Yesterday, I posted some data on the maximum amount students pursuing careers in the 10 fast-growing occupations could have borrowed if the Department of Education's (ED) proposed metric to define gainful employment were retro-acted prior to 2003. Then I read an interesting blog by Brandon Platt over at Career College Central in which he suggests that a:
growing number of law graduates...can’t find the employment they felt they were promised, or even...able to find employment and begin paying back [their] loans at graduation
This got me to thinking about all of the horror stories about law school graduates having six figures of debt and unable to find job, and what the ED's proposed metric for gainful would imply for law schools.

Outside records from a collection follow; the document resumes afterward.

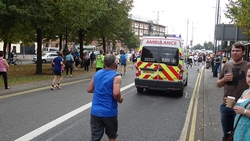 Ondertussen gieren de ambulances langs en door het parcours. Heel vervelend, want ik kan er nooit zo goed tegen, al die gillende ambulances. Zeker niet in combinatie met sport, of een evenement dat in principe gewoon leuk moet zijn en niet een dodelijk of gevaarlijk iets.
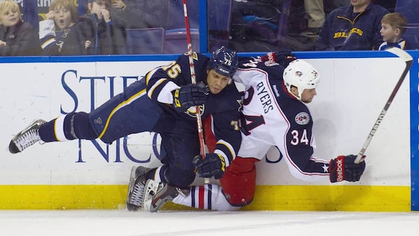 St. Louis Blues right wing Ryan Reaves checks Columbus Blue Jackets left wing Dane Byers during the first period at the Scottrade Center.Scott Rovak-US PRESSWIRE
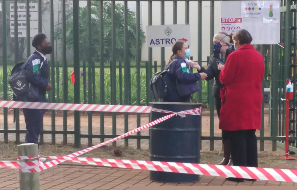Kiểm tra thân nhiệt cho học sinh trước khi vào lớp tại Trường trung học nữ sinh Pretoria, thủ đô Pretoria, Nam Phi. (Ảnh: Phi Hùng/TTXVN)
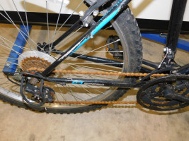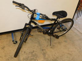 One Roadmaster granite peak mountain bike with 18 speed. Has front shocks with broken front brake and has rust on chain and front wheel. Not working condition, subject to repair.
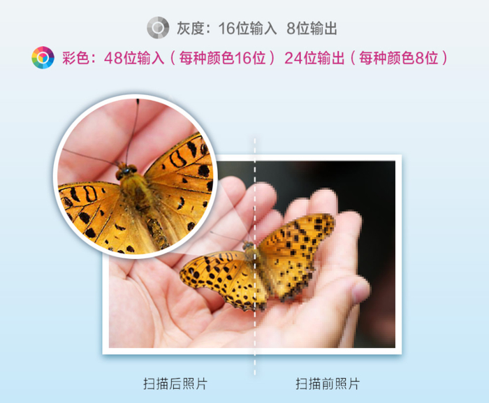 48Bit无损色彩输入能够让扫描的照片更加清晰自然。孩子的美术画作、奖状、证书、珍贵的老照片,即刻扫描,分类收纳保存,简单方便快捷,小白也能轻松搞定。

So, I returned to the BLS site and collected occupations data at the 25th percentile for lawyers in 2003 and 2008 and applied the same methodology that I used yesterday to calculate the max debt that a student could borrow for 3 years of law school.

In 2008, the 25th percentile earnings for lawyers was just under $75,000, an inflation-adjusted increase of 2.3% from 2003. Given this earnings figure, and assuming a 6.8 percent fixed loan rate (which is very conservative considering that many law students take out private loans with much higher interest rates), I calculated that the maximum total debt a law student could borrow would have been just under $44,000, or 2.3% more than he/she could have borrowed in 2003 after adjusting for inflation. Given the ED's proposal, this would also include any debt incurred as an undergrad, unless the student managed to pay it off before starting law school. FYI, the average law school tuition was just under $28,000 in 2007-08.

What this little comparison tells us is that the ED's proposal is unrealistic and way off base. A better idea than implementing some arbitrary metric that even the preferred public and not-for profit sectors could not pass, would be to require colleges to collect and publicize student outcomes data, such as job placement and average earnings, as well as program completion and loan default rates, so that students have enough information to make intelligent decisions.